从CSV文件中提取字母数字文本
我有一个位置网格(从A到I和从1到9),这个网格在一个平面文件(*.csv)中以各种形式出现,有时会包含空格和随机大小写,比如:9-H、@ b 3、e-4、d4、c6、5h、C2、i9等等。这些都是字母a到i和数字1到9的任意组合,还可能包括空格、~、@和-。
那么,有什么好的方法来提取这些字母和数字呢?理想情况下,输出可以放在“备注”之前的另一列,或者放在另一个文本文件里。我能看懂脚本并理解它们的功能,但还不太会自己写。
示例输入文件:
Record Notes
46651 Adrian reported green-pylons are in central rack. (e-4)
46652 Jose enetered location of triangles in the uppur corner. (b/c6)
46207 [Location: 5h] Gabe located the long pipes in the near the far corner.
46205 Committee-reports are in boxes in holding area, @ b 3).
45164 Caller-nu,mbers @ 1A
45165 All carbon rod tackles 3 F and short (top rack)
45166 USB(3 Port) in C2
45167 Full tackle in b2.
45168 5b; USB(4 port)
45073 SHOVELs+ KIPER ON PET-FOOD (@g6), ALSO ATTEMPT-STALL AND DRAWCORD.
45169 Persistent CORDS ~i9
45170 Deliverate handball moved to D-2 on instructions from Pete
45440 slides and overheads + contact-sheets to 9-H (top bin).

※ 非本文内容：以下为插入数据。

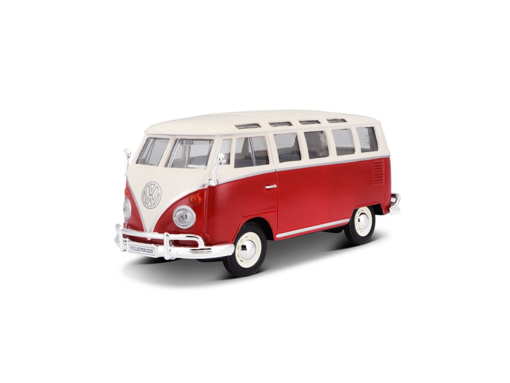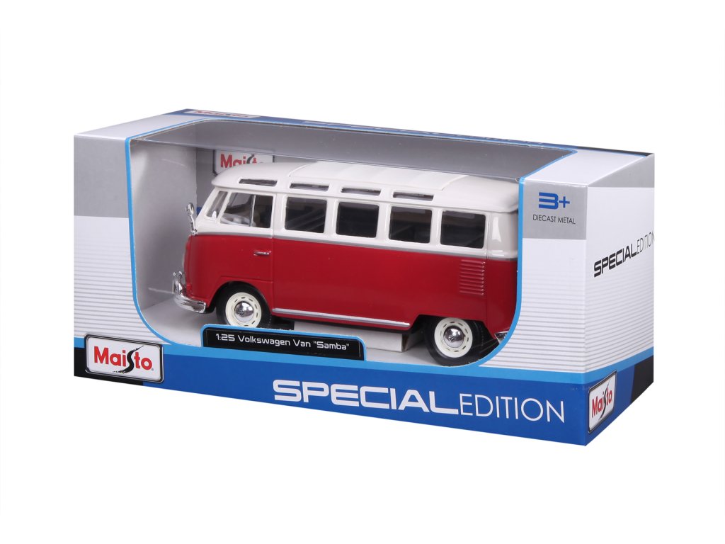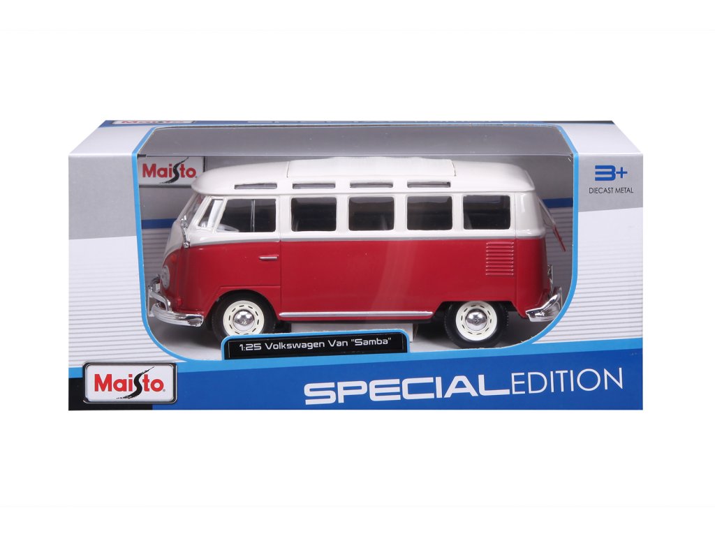 Volkswagen Van Samba, Bílo/červená. Kovové modely Maisto v měřítku 1:25 patří mezi nejoblíbenější. Mají velmi dokonalé detailní provedení jednotlivých částí a kvalitní barevné provedení. Má otevíratelnou přední kapotu a přední dveře. Baleno v krabičce. Nevhodné pro děti do 3let. Rozměry balení: 22,8x10,5x11,4cm. Věk: 3+

45441 d7-slides and negatives (black and white)
<eof>
期望的输出(以字母数字格式,放在同一个文件或新文件中)
Record Location Notes
46651 E4
46652 C6
46205 A1
...
46169 I9
也就是说,总是提取后面的字符。
好吧,大家,在遇到“使用未初始化的值$note进行模式匹配(m//)”的错误后,我就继续尝试,部分成功了。
# # starts with anything then space or punctuation then letter then number
if ($note =~ /.*[\s\~\p{Punct}]([a-iA-I])[\s\p{Punct}]*([0-9]).*/) {
$note =~ s/.*[\s\~\p{Punct}]([a-iA-I])[\s\p{Punct}]*([0-9]).*/$1$2/x;
# # starts line with letter then number
} elsif ($note =~ /^([a-iA-I])[\s\p{Punct}]*([0-9]).*/) {
$note =~ s/^([a-iA-I])[\s\p{Punct}]*([0-9]).*/$1$2/x;
# # after punctuation then number
} elsif ($note =~ /.*[\s\p{Punct}]([0-9])[\s\p{Punct}]*([a-iA-I]).*/) {
$note =~ s/.*[\s\p{Punct}]([0-9])[\s\p{Punct}]*([a-iA-I]).*/$2$1/x;
# # beginning of line with number
} elsif ($note =~ /^([0-9])[\s\p{Punct}]*([a-iA-I]).*/) {
$note =~ s/^([0-9])[\s\p{Punct}]*([a-iA-I]).*/$2$1/x;
# # empty line or no record of any grid location except "#7 asdfg" format
} elsif ($note=~ "") {
$note = "##";
}
脚本不太成功的情况是遇到像99994和99993这样的记录。
99999 norecordofgridhere --
99998
99997 box #7 entered the array with out invoice.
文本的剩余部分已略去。